_TASK ITEM_
Look below for the line with "Tiroir optique iLIA" and the line with "Einen knappen Kilometer"; repeat exactly those two lines and all lines between them, but no pictures.

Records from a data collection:
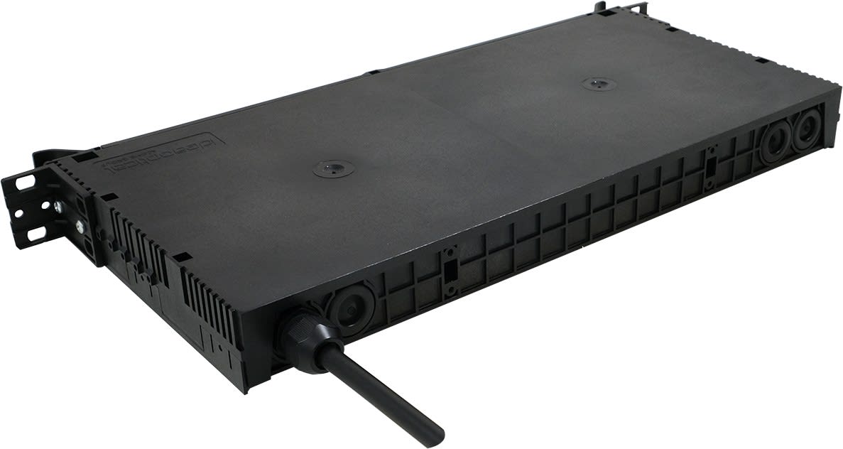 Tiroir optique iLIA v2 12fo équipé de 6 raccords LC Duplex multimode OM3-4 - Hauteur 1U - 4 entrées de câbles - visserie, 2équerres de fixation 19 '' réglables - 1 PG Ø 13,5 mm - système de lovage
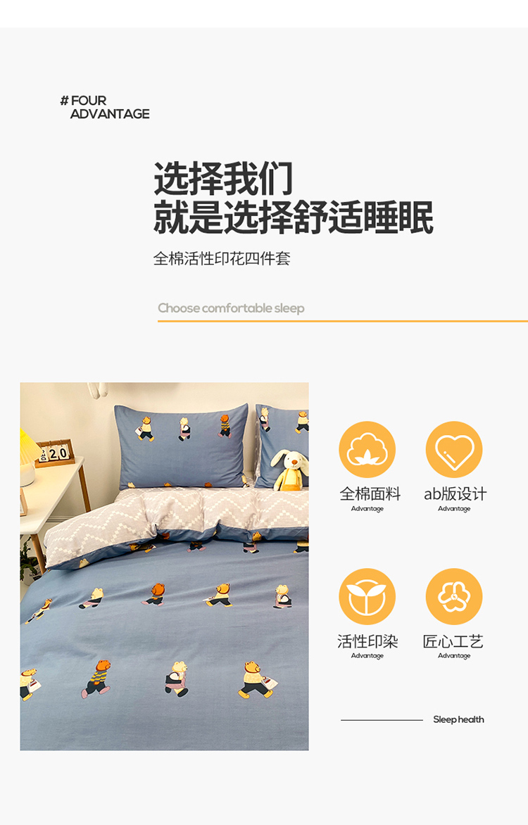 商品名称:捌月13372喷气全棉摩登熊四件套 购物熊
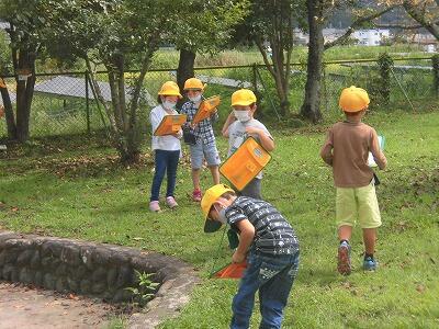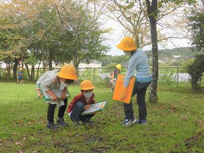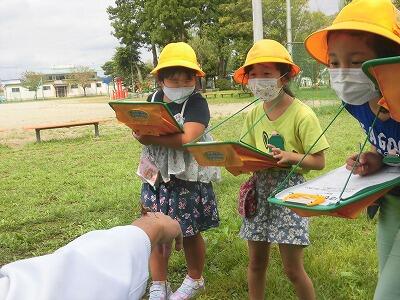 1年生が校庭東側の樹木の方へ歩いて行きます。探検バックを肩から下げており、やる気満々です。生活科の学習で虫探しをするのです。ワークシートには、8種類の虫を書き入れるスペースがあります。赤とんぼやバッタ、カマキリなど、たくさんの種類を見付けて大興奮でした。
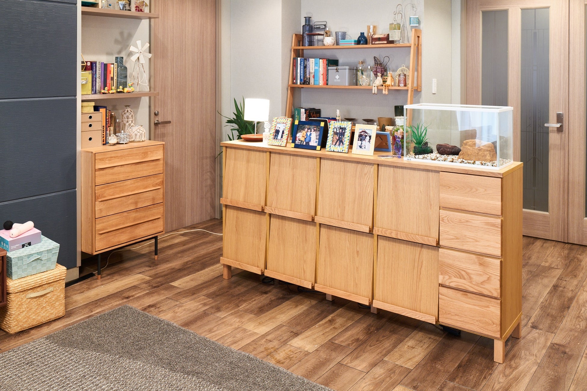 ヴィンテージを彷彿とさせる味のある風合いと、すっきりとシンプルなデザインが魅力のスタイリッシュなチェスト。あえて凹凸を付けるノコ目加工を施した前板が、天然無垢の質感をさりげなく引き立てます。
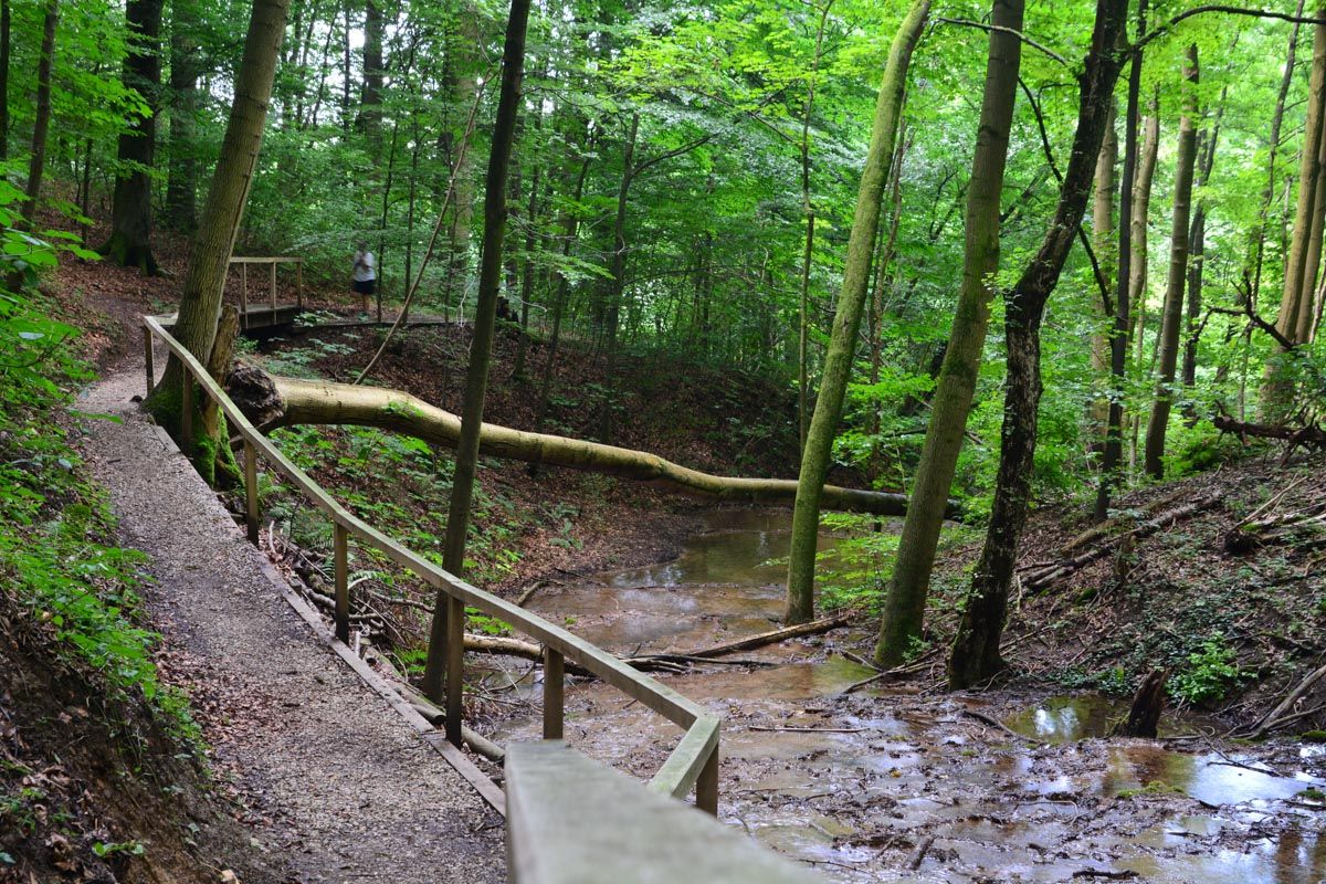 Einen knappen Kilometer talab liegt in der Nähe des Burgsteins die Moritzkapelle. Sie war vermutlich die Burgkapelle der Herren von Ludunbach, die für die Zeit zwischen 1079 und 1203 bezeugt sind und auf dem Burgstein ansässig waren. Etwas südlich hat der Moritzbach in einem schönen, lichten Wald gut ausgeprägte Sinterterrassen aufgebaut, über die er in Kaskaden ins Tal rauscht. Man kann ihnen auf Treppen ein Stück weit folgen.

---

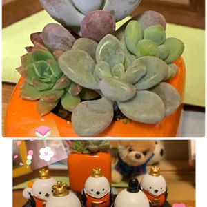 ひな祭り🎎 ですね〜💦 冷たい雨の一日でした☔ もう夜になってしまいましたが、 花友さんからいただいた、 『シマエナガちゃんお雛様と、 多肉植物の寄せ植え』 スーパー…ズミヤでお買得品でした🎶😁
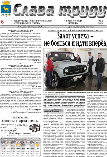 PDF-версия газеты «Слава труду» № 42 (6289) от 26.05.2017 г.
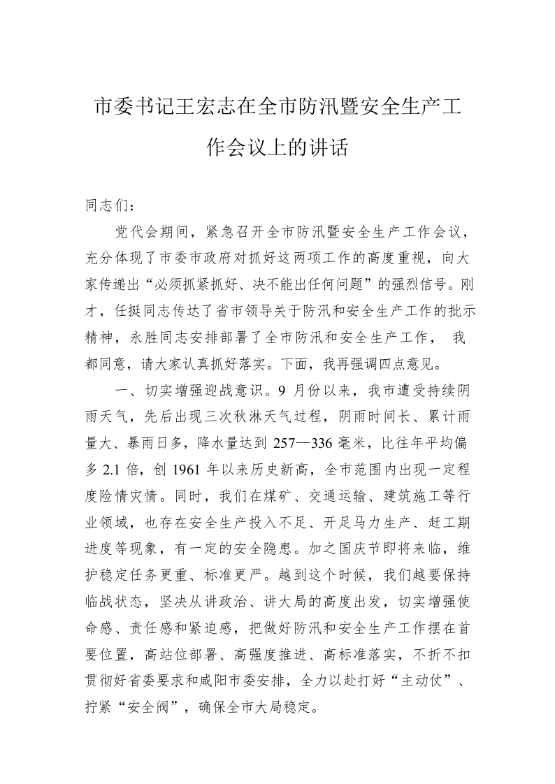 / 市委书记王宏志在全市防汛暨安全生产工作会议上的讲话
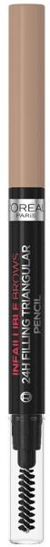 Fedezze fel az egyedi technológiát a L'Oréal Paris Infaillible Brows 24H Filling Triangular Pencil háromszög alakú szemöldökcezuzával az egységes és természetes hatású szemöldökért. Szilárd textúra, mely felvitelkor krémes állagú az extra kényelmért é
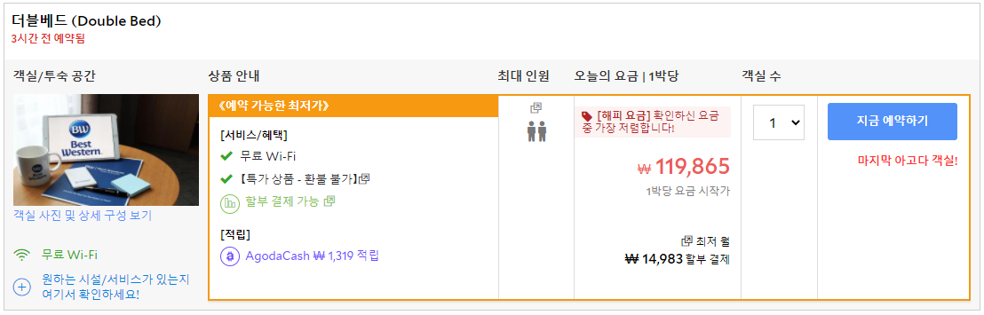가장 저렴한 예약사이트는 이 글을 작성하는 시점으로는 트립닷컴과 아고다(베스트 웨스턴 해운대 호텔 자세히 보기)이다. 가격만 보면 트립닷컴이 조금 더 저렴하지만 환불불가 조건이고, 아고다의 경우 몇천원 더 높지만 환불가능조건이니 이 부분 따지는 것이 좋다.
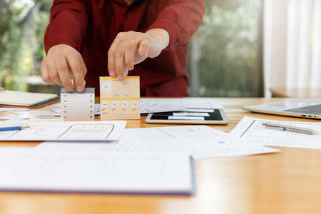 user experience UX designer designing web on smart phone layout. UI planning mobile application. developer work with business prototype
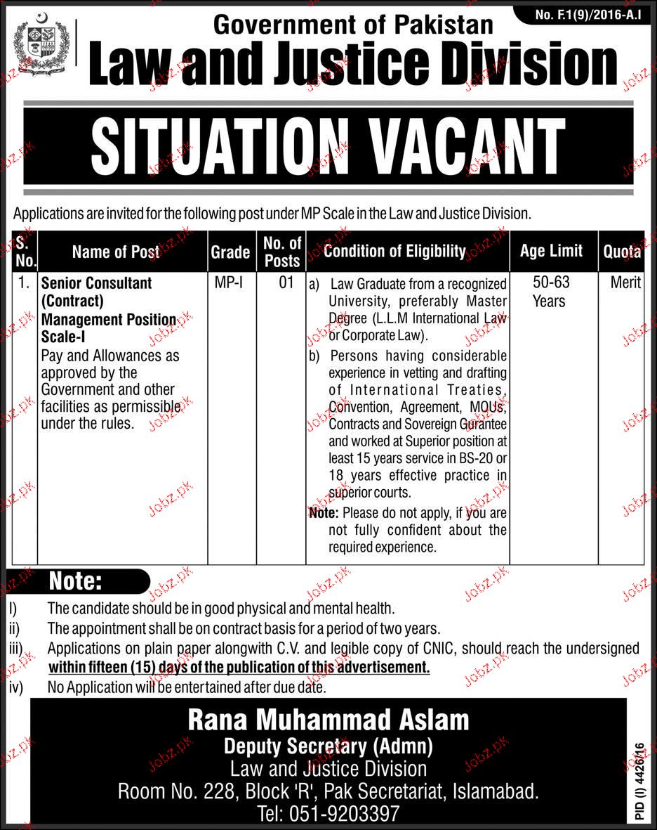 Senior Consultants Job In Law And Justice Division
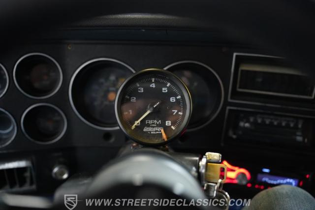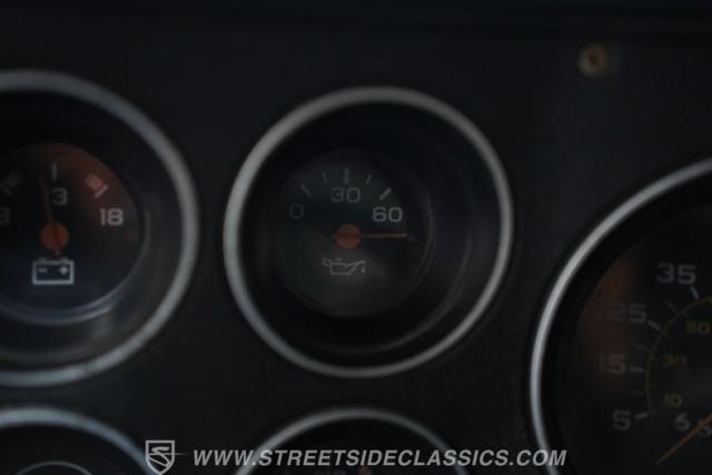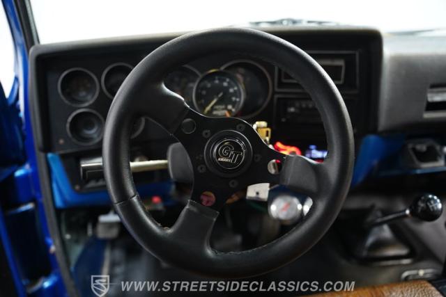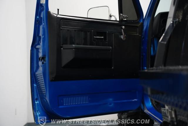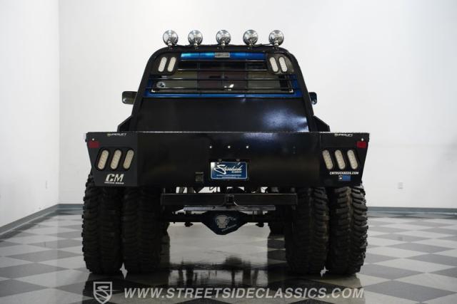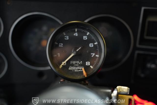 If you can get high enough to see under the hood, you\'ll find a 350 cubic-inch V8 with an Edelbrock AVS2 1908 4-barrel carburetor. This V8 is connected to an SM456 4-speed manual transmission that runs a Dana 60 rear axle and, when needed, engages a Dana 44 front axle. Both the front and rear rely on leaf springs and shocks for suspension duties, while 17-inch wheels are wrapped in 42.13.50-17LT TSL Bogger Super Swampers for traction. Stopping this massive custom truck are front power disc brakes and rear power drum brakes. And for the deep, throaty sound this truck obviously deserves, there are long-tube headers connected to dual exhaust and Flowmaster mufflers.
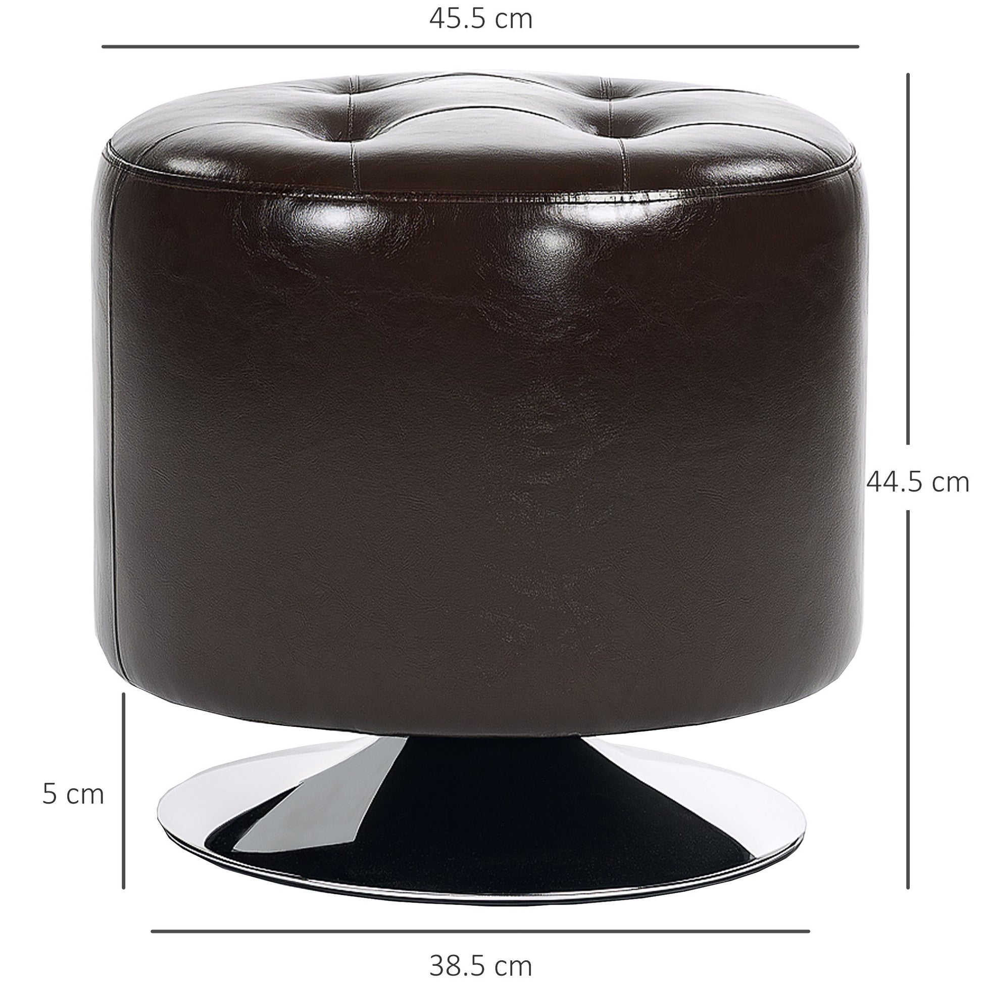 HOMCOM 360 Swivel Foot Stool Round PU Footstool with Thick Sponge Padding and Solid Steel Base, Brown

_ANSWER TO THIS PROBLEM_
 Tiroir optique iLIA v2 12fo équipé de 6 raccords LC Duplex multimode OM3-4 - Hauteur 1U - 4 entrées de câbles - visserie, 2équerres de fixation 19 '' réglables - 1 PG Ø 13,5 mm - système de lovage
 商品名称:捌月13372喷气全棉摩登熊四件套 购物熊
 1年生が校庭東側の樹木の方へ歩いて行きます。探検バックを肩から下げており、やる気満々です。生活科の学習で虫探しをするのです。ワークシートには、8種類の虫を書き入れるスペースがあります。赤とんぼやバッタ、カマキリなど、たくさんの種類を見付けて大興奮でした。
 ヴィンテージを彷彿とさせる味のある風合いと、すっきりとシンプルなデザインが魅力のスタイリッシュなチェスト。あえて凹凸を付けるノコ目加工を施した前板が、天然無垢の質感をさりげなく引き立てます。
 Einen knappen Kilometer talab liegt in der Nähe des Burgsteins die Moritzkapelle. Sie war vermutlich die Burgkapelle der Herren von Ludunbach, die für die Zeit zwischen 1079 und 1203 bezeugt sind und auf dem Burgstein ansässig waren. Etwas südlich hat der Moritzbach in einem schönen, lichten Wald gut ausgeprägte Sinterterrassen aufgebaut, über die er in Kaskaden ins Tal rauscht. Man kann ihnen auf Treppen ein Stück weit folgen.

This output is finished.